Was I Right About Justice Alito Before I Was Wrong About Him?

In this post back in early September, I suggested that Justice Alito could be in play in the DC gun case (at that point just pending on cert). I said: "I put Alito in the unknown category because I suspect that his long experience as a prosecutor makes him more of a law-and-order conservative on this issue than his more ideologically conservative brethren." I now have information that leads me to think that this was naive on my part. Last night I had a conversation with a prominent conservative law professor who worked directly under Alito at the Justice Department. He thought that Justice Alito was fully on board with the individual right interpretation of the Second Amendment that conservatives tend to endorse on the basis of their reading of the original understanding.

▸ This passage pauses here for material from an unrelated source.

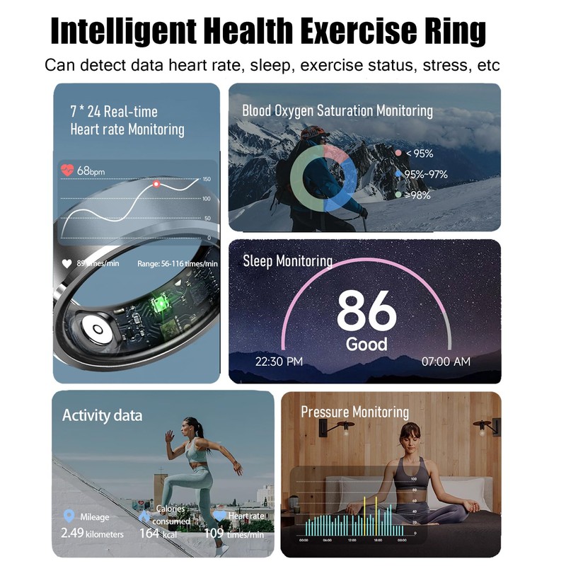 - 【Real-time Health Monitoring】The smart ring has the latest sensors that can track heart rate, Blood Pressure, blood oxygen, Women's Health and other data in real time 24 hours a day. It can also monitor sleep quality, record deep sleep, light sleep, eye movement and wakefulness. You can view all your reports on the APP
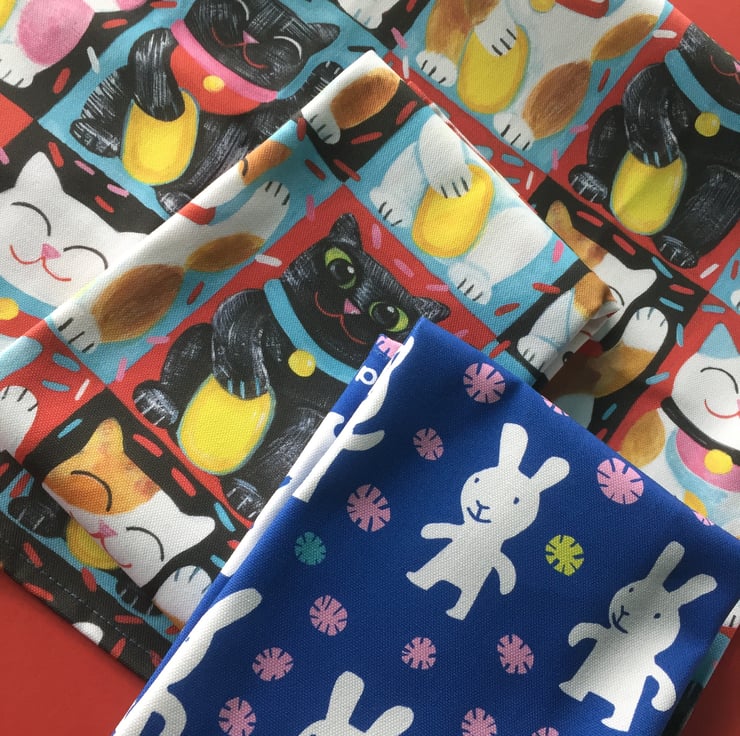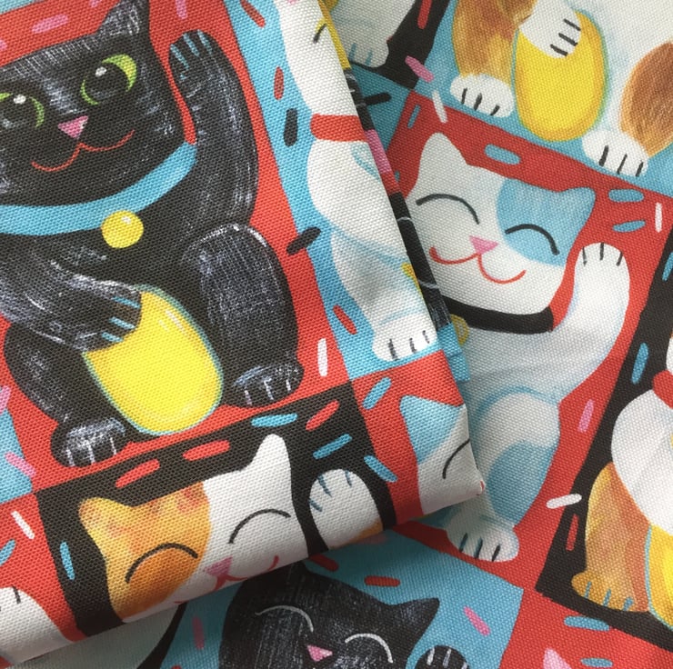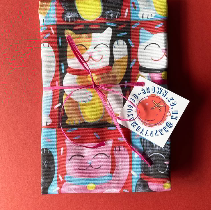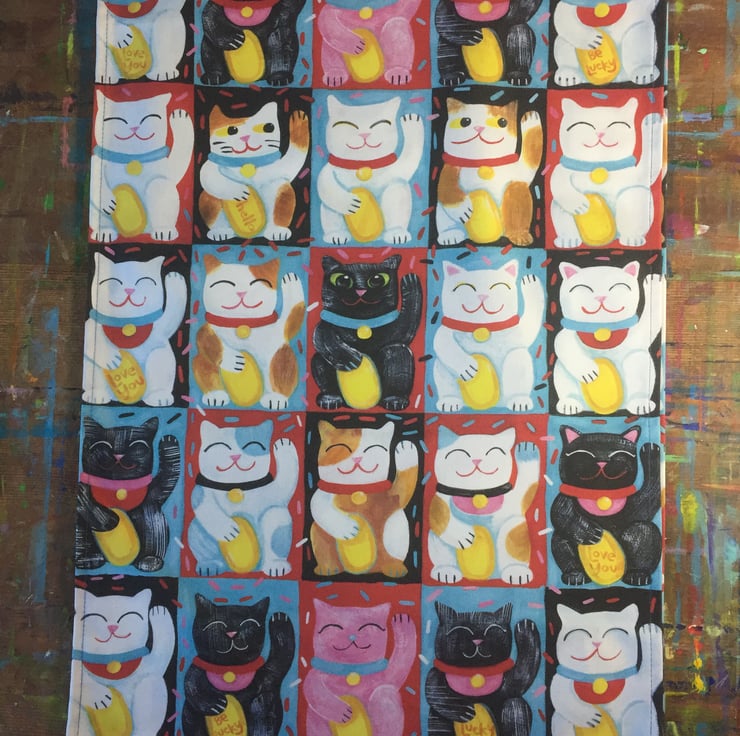 Lucky Cats Tea towel by Jo Brown, happytomato

If said law professor is right, then I was wrong about Justice Alito. But before I was wrong about him I was right about him, when earlier I wrote (in the Harvard Law & Policy Review, available here) that as a former high-ranking lawyer in a Republican Justice Department, Alito's views would have been well-known to the judge pickers working for the current President, and therefore that he would have been pre-screened for his ideological purity. If borne out by Justice Alito's vote in the DC gun case, my conversation with my conservative law professor friend will thus doubly confirm the claim of my earlier analysis: 1) It will show that in-the-loop conservatives know one another's views on ideological issues; and 2) It will show that Alito is, as predicted by the model my article develops, a staunch conservative.

You see, the good thing about making a lot of predictions---especially mutually contradictory ones about the same binary events---is that you're guaranteed that some of them will prove to be right!